Chen Pei, Wu Xiufeng, Gu Xu, Han Juan, Xue Min, Liang Xiaofang
National Aquafeed Safety Assessment Center, Institute of Feed Research, Chinese Academy of Agricultural Sciences, Beijing 100081, China.
Institute of Food and Nutrition Development, Ministry of Agriculture and Rural Affairs, Beijing 100081, China.
Gen Comp Endocrinol. 2021 Sep 1;310:113811. doi: 10.1016/j.ygcen.2021.113811. Epub 2021 May 9.
Forkhead box O1 (FoxO1), a nuclear transcription factor, plays an important role in insulin-mediated glucose metabolism. In this study, FoxO1 gene from largemouth bass (Micropterus salmoides) was cloned and characterized, and its effects on hepatic glucose metabolism regulated by insulin-AKT pathway were investigated in response to glucose or insulin-glucose injection. The full-length cDNA of FoxO1 consisted of 2541 bp and encoded 680 amino acids. Sequence alignments and phylogenetic analysis revealed that FoxO1 exhibited a high degree of conservation among teleost, retaining one forkhead domain, one transactivation domain, and three phosphorylation sites. FoxO1 mRNA was expressed in a wide range of tissues, and high in the brain and liver. Glucose loading resulted in persistent hyperglycemia, and plasma insulin levels remained unchanged except at 1 h. After the insulin-glucose injection, insulin levels were significantly elevated and glucose levels recovered to the basal value after 6 h, which indicated insufficient insulin secretion caused persistent hyperglycemia in this species. Compared with the glucose injection group, transcript levels and enzyme activities of hepatic glycolysis-related genes (GK and PK) were significantly activated, and gluconeogenesis-related genes (PEPCK and G6Pase) were significantly depressed at 3 h after the insulin-glucose injection. Besides, phosphorylation of AKT-FoxO1 pathway was significantly activated. Therefore, insulin improved glucose metabolism by activating the AKT-FoxO1 phosphorylation to decrease hyperglycemia stress after the meal, which indicated insufficient insulin secretion was the reason for glucose intolerance in largemouth bass. Meanwhile, conserved S267 and S329 phosphorylation sites of FoxO1 were confirmed to be regulated by AKT and mediated the glucose metabolism. In conclusion, activation of insulin-AKT-FoxO1 pathway improved glucose tolerance through mediating glucose metabolism in largemouth bass.

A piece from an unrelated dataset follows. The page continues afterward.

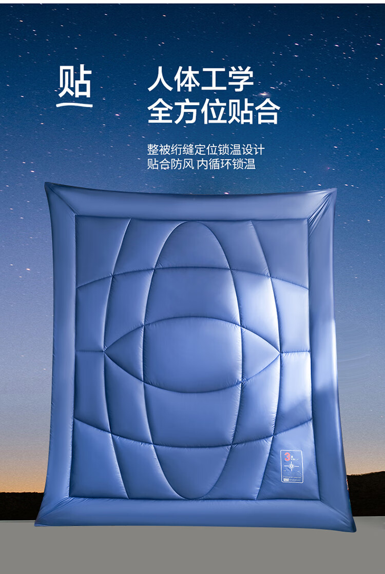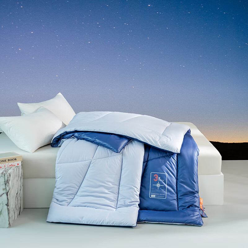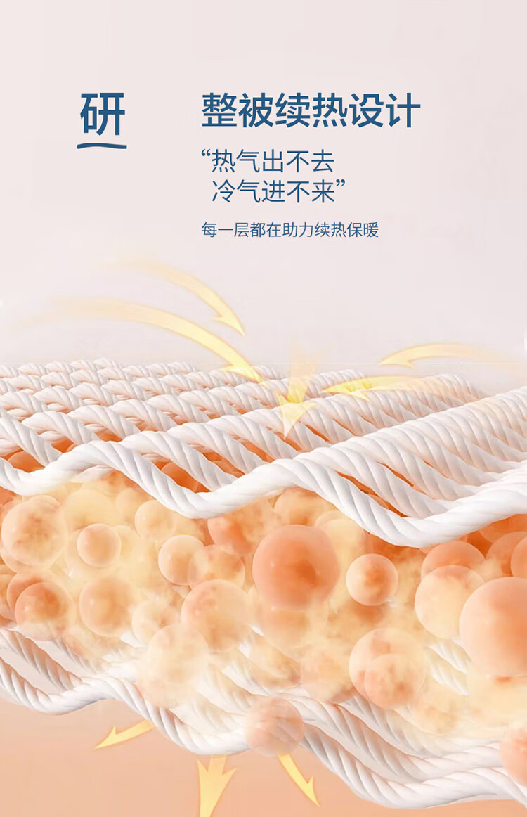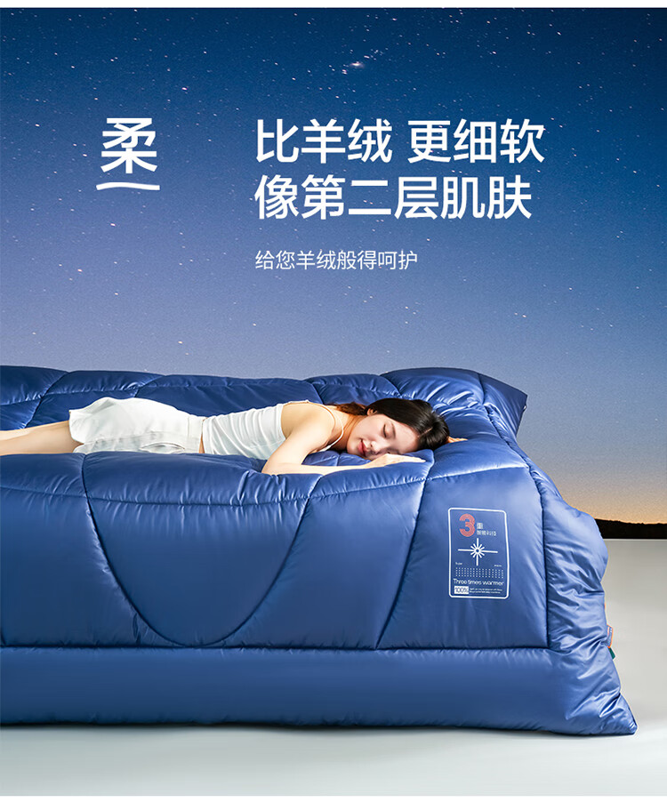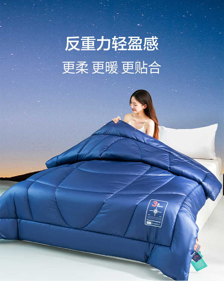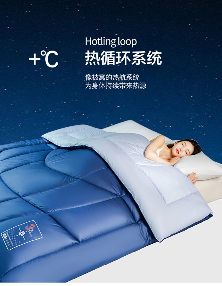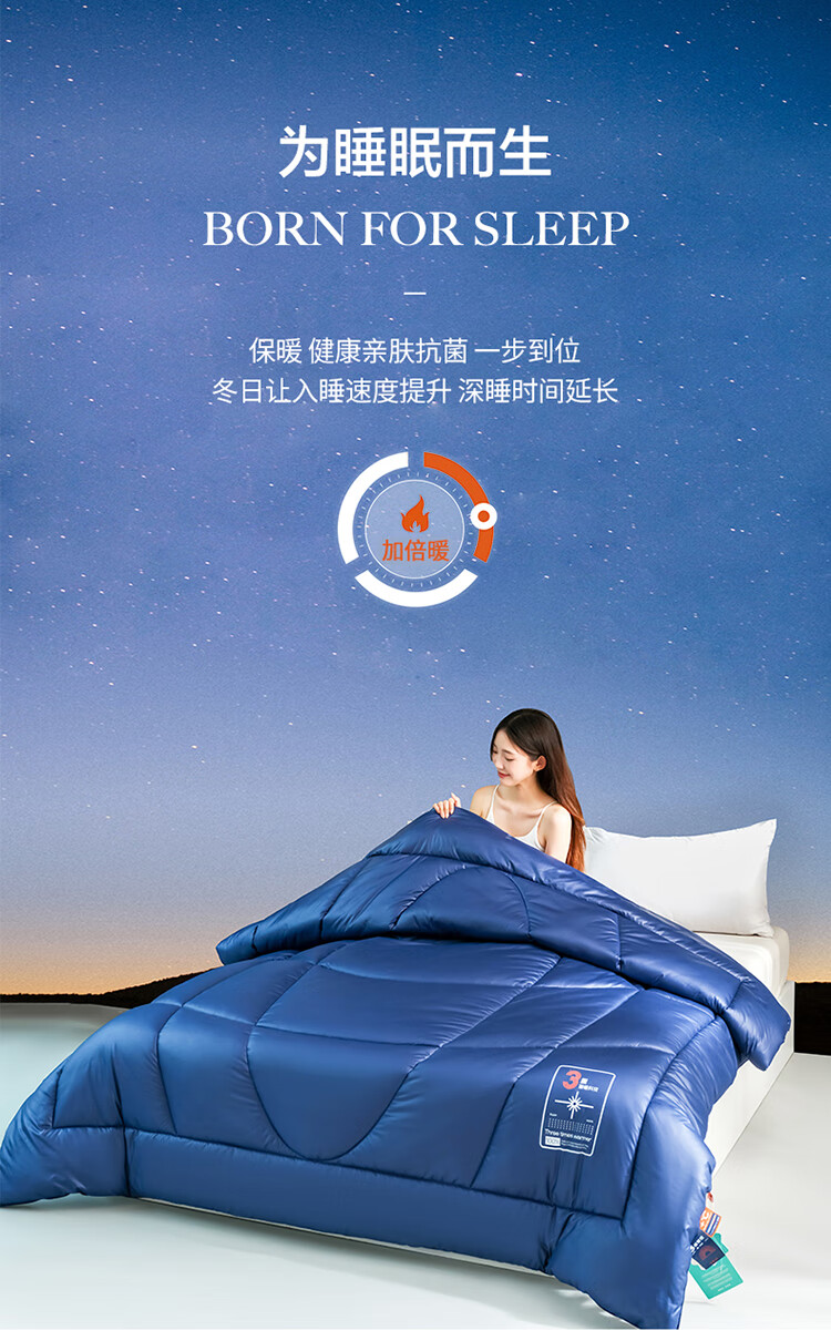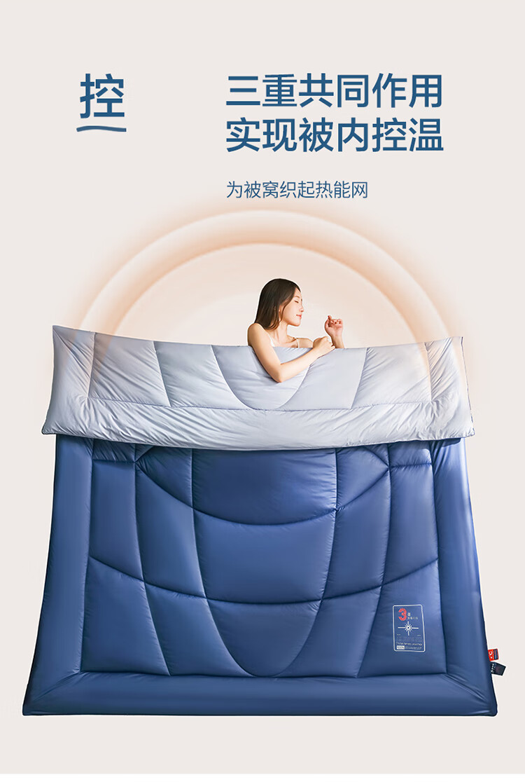 一重高效蓄热纤维可快速升温;二重细旦德绒纤维持续控温;三重三维蓬松纤维舒爽畅睡,多重智能纤维织起热能网;恒温入梦,还原理想睡眠;绗缝定位设计,固定填充,不易结团

叉头框O1(FoxO1)是一种核转录因子,在胰岛素介导的葡萄糖代谢中发挥重要作用。在本研究中,克隆并鉴定了大口黑鲈(Micropterus salmoides)的FoxO1基因,并研究了其在葡萄糖或胰岛素-葡萄糖注射后对胰岛素-AKT途径调节的肝脏葡萄糖代谢的影响。FoxO1的全长cDNA由2541个碱基对组成,编码680个氨基酸。序列比对和系统发育分析表明,FoxO1在硬骨鱼中具有高度保守性,保留了一个叉头结构域、一个反式激活结构域和三个磷酸化位点。FoxO1 mRNA在多种组织中表达,在脑和肝脏中表达较高。葡萄糖负荷导致持续性高血糖,除1小时外血浆胰岛素水平保持不变。胰岛素-葡萄糖注射后,胰岛素水平显著升高,6小时后血糖水平恢复到基础值,这表明胰岛素分泌不足导致该物种持续性高血糖。与葡萄糖注射组相比,胰岛素-葡萄糖注射后3小时,肝脏糖酵解相关基因(GK和PK)的转录水平和酶活性显著激活,糖异生相关基因(PEPCK和G6Pase)显著下调。此外,AKT-FoxO1途径的磷酸化显著激活。因此,胰岛素通过激活AKT-FoxO1磷酸化改善葡萄糖代谢,以减轻餐后高血糖应激,这表明胰岛素分泌不足是大口黑鲈葡萄糖不耐受的原因。同时,证实FoxO1保守的S267和S329磷酸化位点受AKT调节并介导葡萄糖代谢。总之,胰岛素-AKT-FoxO1途径的激活通过介导大口黑鲈的葡萄糖代谢改善了葡萄糖耐受性。